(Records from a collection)
········
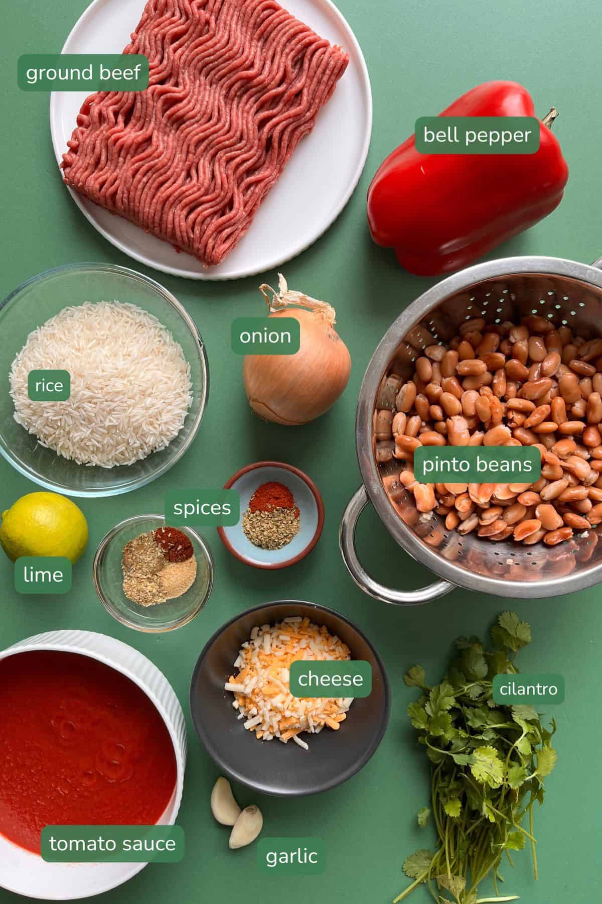 Spices: this recipe calls for chili powder, coriander, cumin, oregano, sweet paprika and onion powder,
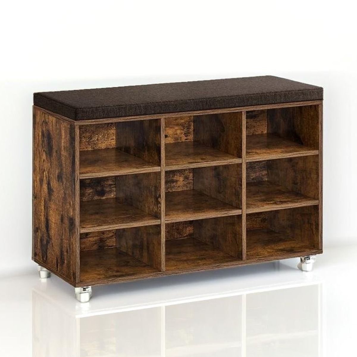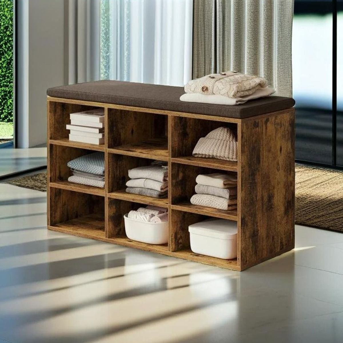 ELVARIS Shoe Storage Bench with Removable Cushion Seat - Rustic Brown
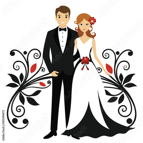 wedding, bride, groom, couple, marriage, married, cartoon, illustration, vector, graphic, design, art, elegant, stylish, formal, tuxedo, bridal gown, white dress, black suit, happy, love, romance, celebration, floral, swirl, ornament, decoration, red flower, black-and-white, simple, modern, minimal, icon, symbol, clip art, invitation, card
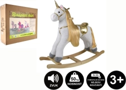 Ontdek de magie van speels schommelen met de stijlvol wit-gouden eenhoorn, die niet alleen prachtig oogt maar ook vol interactieve fun zit. Na het indrukken van het ene oortje hinnikt de eenhoorn en beweegt hij zijn staart; na het indrukken van het andere oortje hoor je het klateren van hoeven in draf en zwaait de staart opnieuw. De knuffel helpt kinderen op natuurlijke wijze balans en motoriek te trainen en ondersteunt de fantasie.
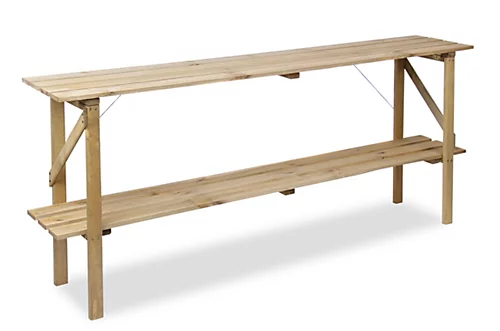 This fantastically useful fold away wooden staging for all of your garden needs. The versatile and table unit is great for shelving or as a worktop. The worktop will help you clear clutter in an attractive way, whilst also offering the convenience of folding away when not in use. The treated pine means it will look at home on patios, sheds, greenhouse and more.
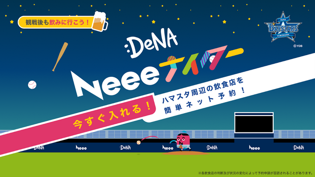 株式会社ディー・エヌ・エー(本社:東京都渋谷区、代表取締役社長兼CEO:岡村 信悟)は、当社が提供している、近くにある今すぐ入れる飲食店を予約することができるサービス「Neee(ニー)」にて、横浜DeNAベイスターズの主催ゲームをスポンサードする冠試合「DeNA Neeeナイター」を2023年5月17日(水)の広島東洋カープ戦にて開催いたします。
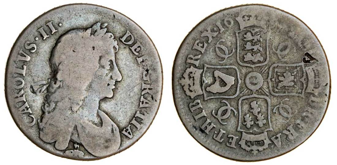 Charles II (1660-1685), Shilling, 1681/0, second bust right, elephant and castle below, rev. crowned cruciform shields, interlinked cs in angles, Garter star at centre (ESC 555 (1062); S.3379), digs to the reverse and the last two digits of the date worn away, otherwise toned, fair or slightly better, extremely rare in any grade
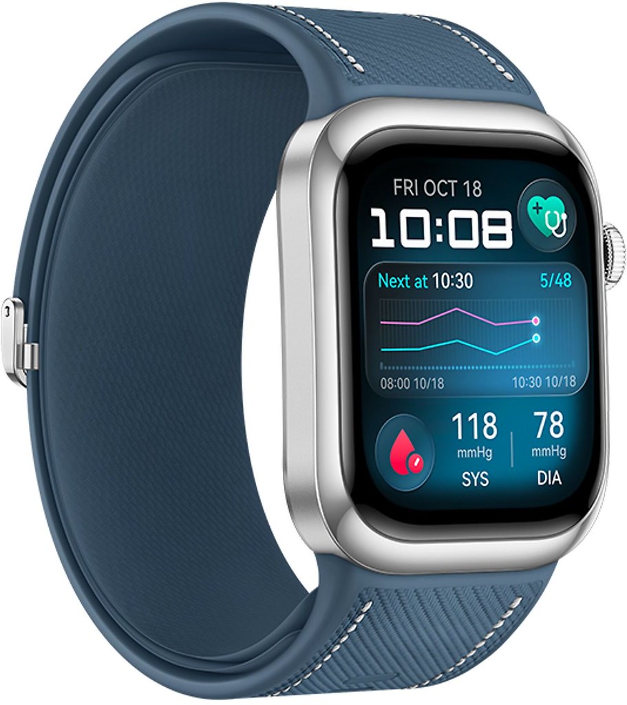 The Huawei Watch D2 Blue is a premium smartwatch tailored for health-conscious users. Its standout feature is the clinically certified blood pressure measurement, enabled by a unique 26.5 mm mechanical airbag within the strap, facilitating ambulatory blood pressure monitoring (ABPM) on demand.
········
(Task prompt): From the first line of the records through the line containing "Ontdek de magie", please output exactly those lines and nothing more, leaving out the pictures.

(Result):
 Spices: this recipe calls for chili powder, coriander, cumin, oregano, sweet paprika and onion powder,
 ELVARIS Shoe Storage Bench with Removable Cushion Seat - Rustic Brown
 wedding, bride, groom, couple, marriage, married, cartoon, illustration, vector, graphic, design, art, elegant, stylish, formal, tuxedo, bridal gown, white dress, black suit, happy, love, romance, celebration, floral, swirl, ornament, decoration, red flower, black-and-white, simple, modern, minimal, icon, symbol, clip art, invitation, card
 Ontdek de magie van speels schommelen met de stijlvol wit-gouden eenhoorn, die niet alleen prachtig oogt maar ook vol interactieve fun zit. Na het indrukken van het ene oortje hinnikt de eenhoorn en beweegt hij zijn staart; na het indrukken van het andere oortje hoor je het klateren van hoeven in draf en zwaait de staart opnieuw. De knuffel helpt kinderen op natuurlijke wijze balans en motoriek te trainen en ondersteunt de fantasie.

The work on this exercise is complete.